Не обучался я дипломатии в пансионатах Парижского предместья, вот в чем дело. Я сказал, что Фора, к сожалению, не успеет не только на второй акт (театральный), но и на третий тоже. Почему? Потому, что её нет. Она уехала к маме? Нет, хотя в каком-то смысле уехала.
— Что вы морочите мне голову, — взбеленился Свечкин. — Где она? Сбежала с другим?
— Нет.
— У неё недостача в буфете?
— О, Боже! Михаил Данилович?
— Тогда в чем дело?
Я ответил. И неудачно. Мой собеседник рассмеялся — он всегда подозревал: я люблю черные шутки.
— Михаил Данилович, это правда, — развел руками. — Война, её нам объявили.

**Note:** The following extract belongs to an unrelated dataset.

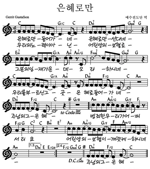 C코드 찬양 악보 / 은혜로만 들어가네 / 악보 / 가사 / PPT 다운로드
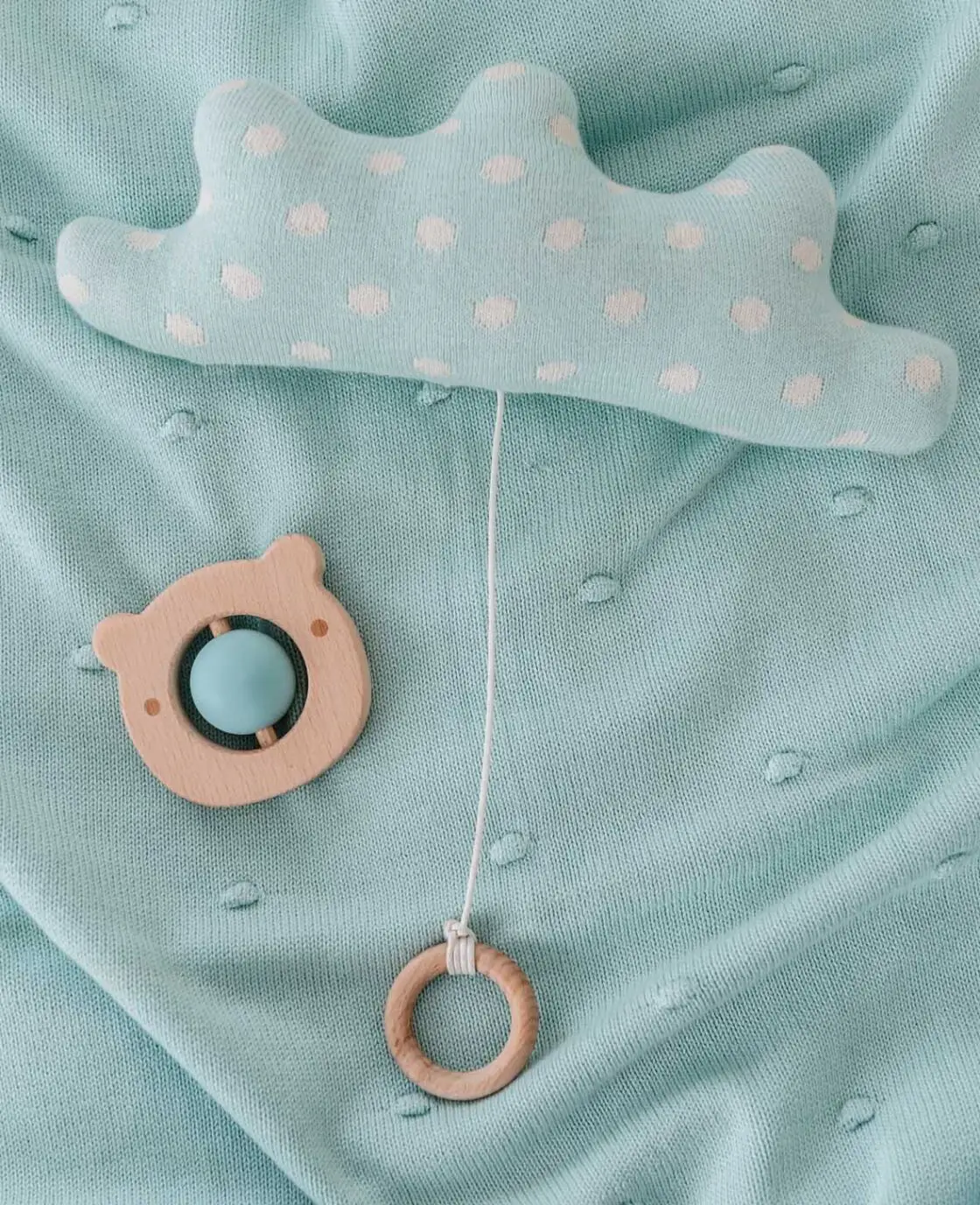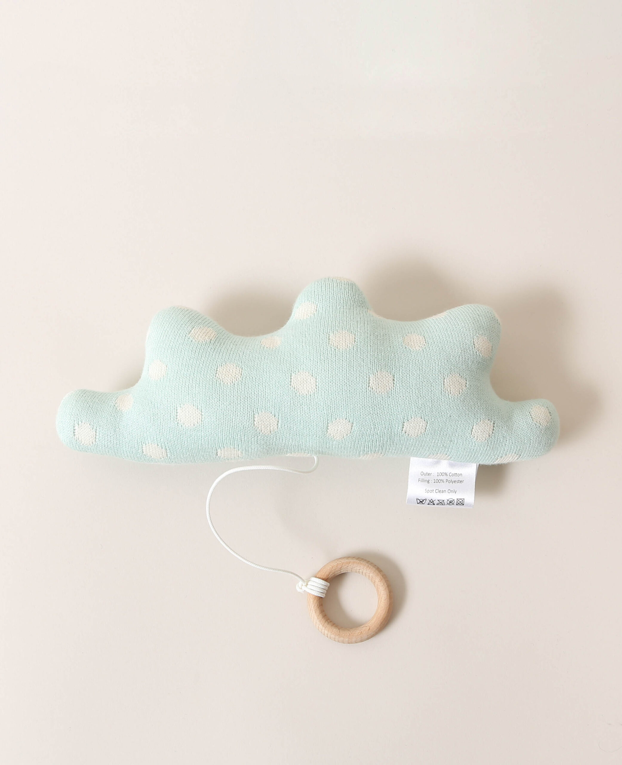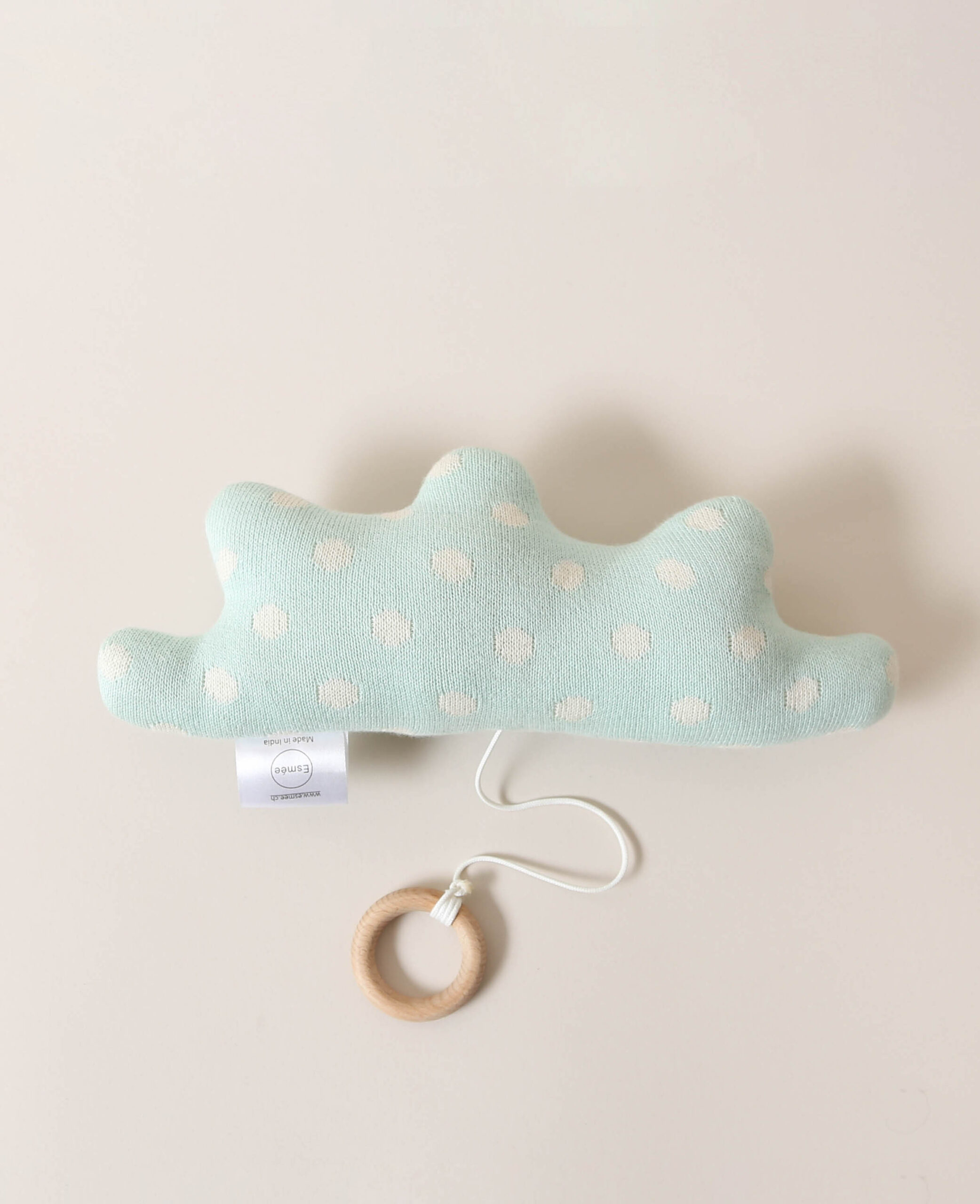 Boîte de jeu à remonter de couleur menthe, nuage en coton tricoté, qui joue la mélodie de la chanson pour enfants "Dors petit, dors" et accompagne ainsi doucement ton enfant vers le sommeil.

Кто, зачем, почему не знаю. Пока.
— Господи, — остановился, поверив наконец. — Ее за что? Они с ума сошли?
— Война, — выдохнул я.
— Война? — с недоумением повторило Тело. — Против нас? Кто? Мы же… как там у вас говорится… на крыше?
— Под крышей, Михаил Данилович.
— Вот именно.
И в этот критический момент дверь одного из кабинетов распахнулась и оттуда выпала… Анна, моя младшенькая сестричка.
Такие вот случайности происходят исключительно у тех графоманов, у коих открыт оффшерный счетик на солнечном острове Кипр, но чтобы в жизни?
Более того, создавалось впечатление, что мадам вырвалась из доменной печи. Она была потная, как мышь, и находилась, извините, в одном неглиже. Очень красивом. Черном и ажурном, как дворянский фамильный вензель.
— Привет, — кивнула нам. — Где тут пожурчать можно?
— Там, — отмахнул рукой в глубину коридора. — Как дела-то?
— Пока бьемся, крекер вроде хорошо стоит, — и с необыкновенной грацией (на высоких каблуках) удалилась туда, где журчали клозетные ручейки.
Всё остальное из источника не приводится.